2. Solutions provided in exemplary embodiments of the present invention have applicability to (by way of non-limiting example): video compression; motion estimation; video deblocking filter; Current Picture Referencing (CPR) and video transform. Non-limiting examples of relevant systems to which exemplary embodiments of the present invention may be applicable include, by way of non-limiting example: HEVC/H.265 (high efficiency video coding); AVC/H.264 (advanced video coding); VP9; AV-1 (AOMedia Video 1); and VVC (versatile video coding).
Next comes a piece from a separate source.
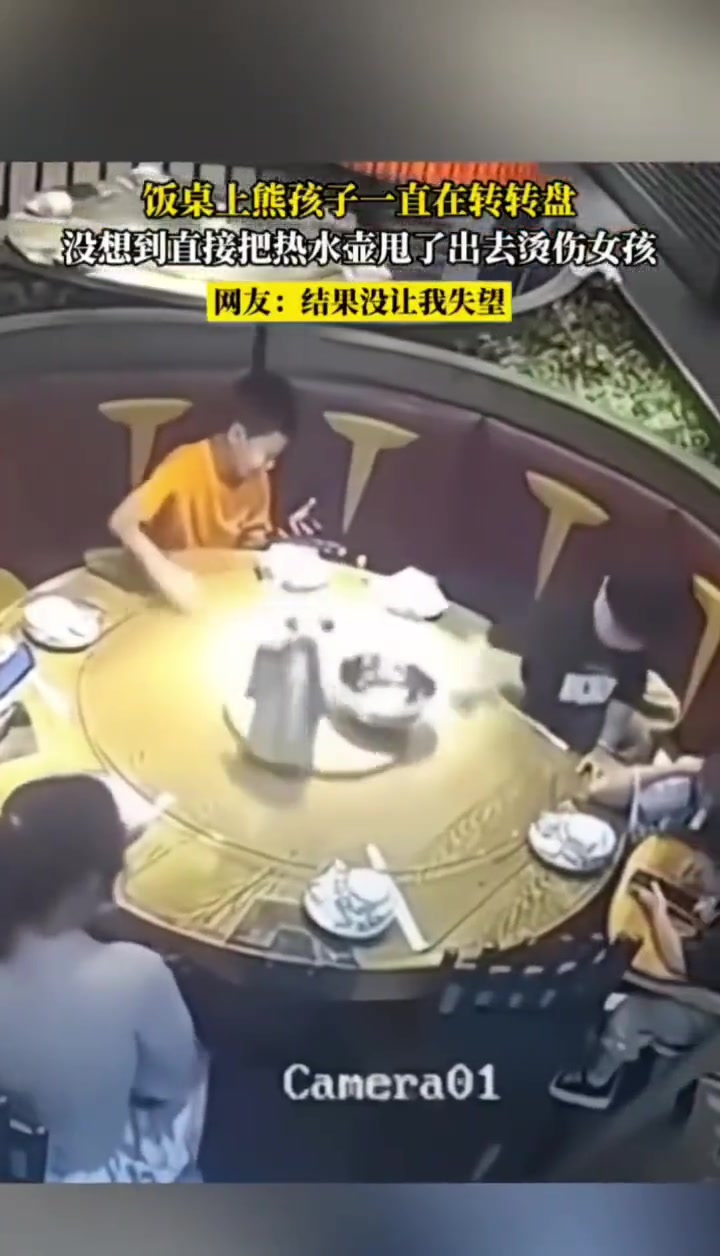 熊孩子一直旋转转盘,热水壶飞出烫伤女孩!!!

While, generally, uses of exemplary embodiments of the present invention are described in the context of motion estimation, such descriptions are not meant to be limiting, and persons skilled in the art will appreciate, in light of the description herein, how to provide solutions in at least the other cases mentioned above in the present paragraph.
 
     The load of a single encoding task itself is generally too big for a single CPU. Reference is now made to  FIG. 9 , which is a simplified graphical illustration depicting a relationship between CPU power and various encoding tasks; to  FIG. 10 , which is a simplified pictorial illustration depicting an approximate timeline view of various past, present, and future encoding standards; and to  FIG. 11 , which is a simplified tabular illustration depicting complexity of various encoding standards.  FIG. 9  shows that, for quite some time, a single CPU has not been able to keep up with a single encoding task; this problem, it is believed, will become more severe in the future, as future standards are adopted and become more widely used (see  FIG. 10 ) and as the complexity of those future standards is expected to be higher, as shown in  FIG. 11 . 
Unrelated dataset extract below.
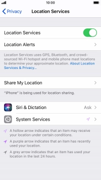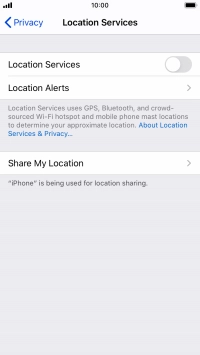 Press the indicator next to "Location Services" to turn the function on or off.

     In addition, the amount of information/data in every stream is increasing, as more and more information/data is produced and streamed into the edge devices at higher resolution. Reference is now additionally made to  FIG. 12 , which is a simplified partly pictorial, partly graphical illustration depicting relationships between resolution and complexity.  FIG. 12  show a very conservative forecast of resolution mixture along the years, and also shows the nominal complexity involved with the fact that there are more pixels in every stream. 
     Reference is now additionally made to  FIG. 13 , which is a simplified graphical illustration depicting relationships between video complexity, CPU capability, and computational effort.  FIG. 13  shows that the real video complexity (complexity per pixel X number of pixels) is suffering from a growing gap between CPU capability and the computational effort needed. 
     The consideration of the problem presented up to this point does not include the major increase, which is expected to continue, in the number of video streams needs to be simultaneously processed in the data center. 
     Having considered the above, it is fair to ask why the art, as known to the inventors of the present invention, does not yet include any acceleration device offering video encoding acceleration for the data center. Without limiting the generality of the present invention, the term “device” may be used in the present description to describe implementations of exemplary embodiments of the present invention, as well as (in the preceding sentence) apparent lacks in the known art. It is appreciated that, in exemplary embodiments of the present invention, by way of non-limiting example, implementation may take place in: an ASIC [Application Specific Integrated Circuit]; an ASSP [Application Specific Standard Part]; an SOC [System on a Chip], an FPGA [Field Programable Gate Array]; in a GPU [graphics processing unit]; in firmware; or in any appropriate combination of the preceding. 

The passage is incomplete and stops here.